RedHatAI/TinyLlama-1.1B-Chat-v1.0-pruned2.4 Overview
This model is a pruned version of the TinyLlama-1.1B-Chat-v1.0, developed by RedHatAI. It features 1.1 billion parameters and a context length of 2048 tokens. The primary distinction of this model lies in its optimization through SparseGPT and SparseML, which applies a semi-structured sparsity (2:4 mask structure) to the model weights.
Key Capabilities & Features
- Sparsified Architecture: Pruned using SparseGPT for improved efficiency.
- Optimized for NM-vLLM: Specifically designed to leverage the high-throughput serving and low memory usage capabilities of the NM-vLLM engine.
- Chat Fine-tuned: Based on a chat-tuned TinyLlama model, suitable for conversational AI tasks.

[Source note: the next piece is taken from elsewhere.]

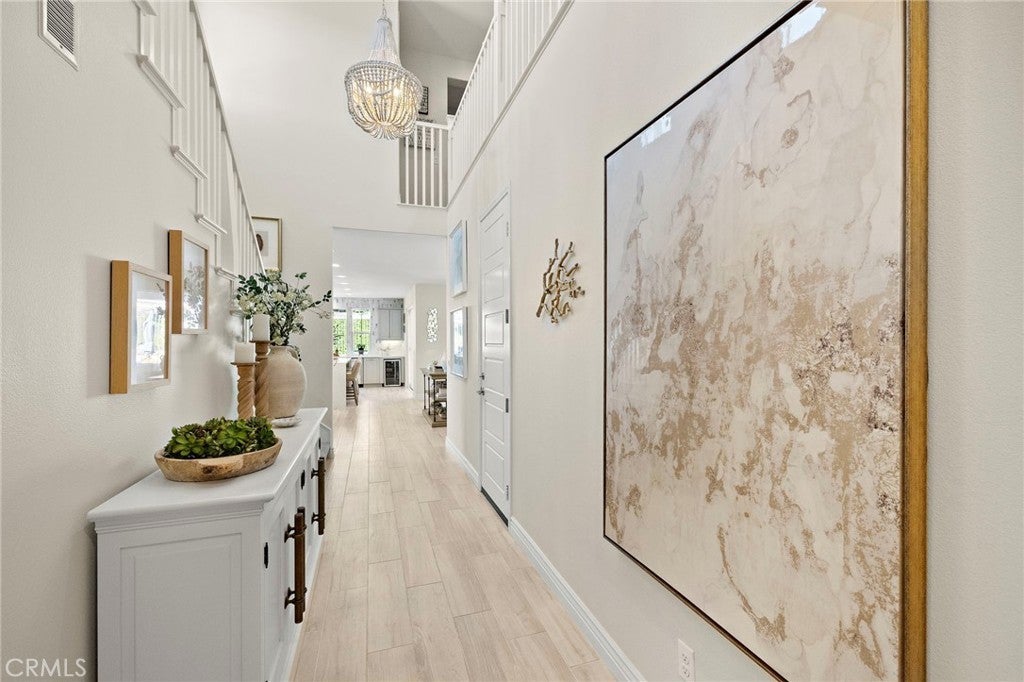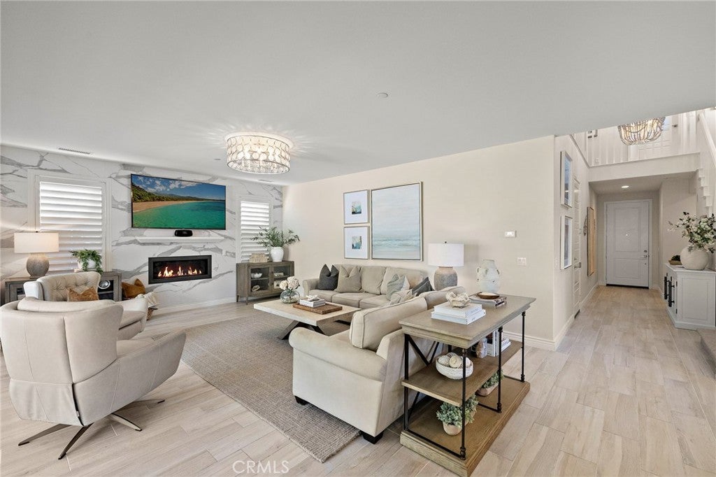 What truly sets this home apart is its breathtaking mountain views, visible from nearly every window and changing beautifully with the seasons from snow-capped peaks to serene natural scenery. Situated at the quiet end of the street, the home offers exceptional privacy and a peaceful atmosphere. This premium corner lot is ideal for entertaining- host gatherings and parties without noise concerns, while enjoying expansive backyard privacy and stunning sunset views. The backyard has BBQ island with polished concrete counters, BBQ and brand new refrigerator, and upgraded 30' turf lawn ready for a pool. With over $250,000 in upgrades in this home it effectively offsets the cost of future landscaping or a pool. Dual Bi-folding doors open up to create a large living space continuing the wood look flooring with linear stone fireplace media wall. Step inside to a modern coastal living retreat, custom designed for both comfort and entertaining. Features include waterfall quartz countertops, Chef’s kitchen with a striking backsplash that flows seamlessly from the kitchen into the dining area, Farm Sink, soft dove gray shaker cabinets with soft close hinges and pull out drawers, wine refrigerator and commercial style hood. All florescent lighting has been upgraded to dimmable LED recessed lighting and extended built-in closets through out the house for organizing. Built-in dining buffet with lighted glass front cabinets, upgraded high end chandeliers in your Entry way and Living room and easy care kid/pet friendly wood-look flooring. Downstairs bedroom suite with full bath with marble wall shower plus a powder bath for guests for convenience. Upstairs are two secondary bedrooms, one with private view balcony to enjoy the sunset, mountains and ocean views. Each boasts a private bathroom with upgraded flooring, shower walls, and quartz countertops. Large bonus room for upstairs entertainment or 5th Bedroom option. Primary Bedroom with gorgeous Capiz chandelier & huge walk-in closet with custom organizers. Ensuite bath with upgraded lighting, dual sinks, upgrade quartz countertops, shower with marble wall backsplash and dual shower heads for steam showers. Enjoy the spa experience with an extra large bathtub behind the glass doors for a warm bath retreat. Upstairs laundry room with designer tile and W/D with gas dryer. With many more exceptional upgrades and access to incredible resort living-this is more than a house-it's the home you've been waiting to find.

- Efficient Inference: Aims to provide faster inference and reduced memory footprint compared to its dense counterpart, especially when used with NM-vLLM.
When to Use This Model
This model is particularly well-suited for use cases where:
- Resource Efficiency is Critical: Its pruned nature makes it ideal for deployment on hardware with limited memory or computational resources.
- High-Throughput Inference is Required: When paired with NM-vLLM, it can achieve faster serving speeds for chat applications.
- Small, Capable Chat Models are Needed: Provides a compact yet effective solution for conversational AI tasks without the overhead of larger models.
For detailed information on the sparsification process, the recipe.yaml file within the repository outlines the methodology.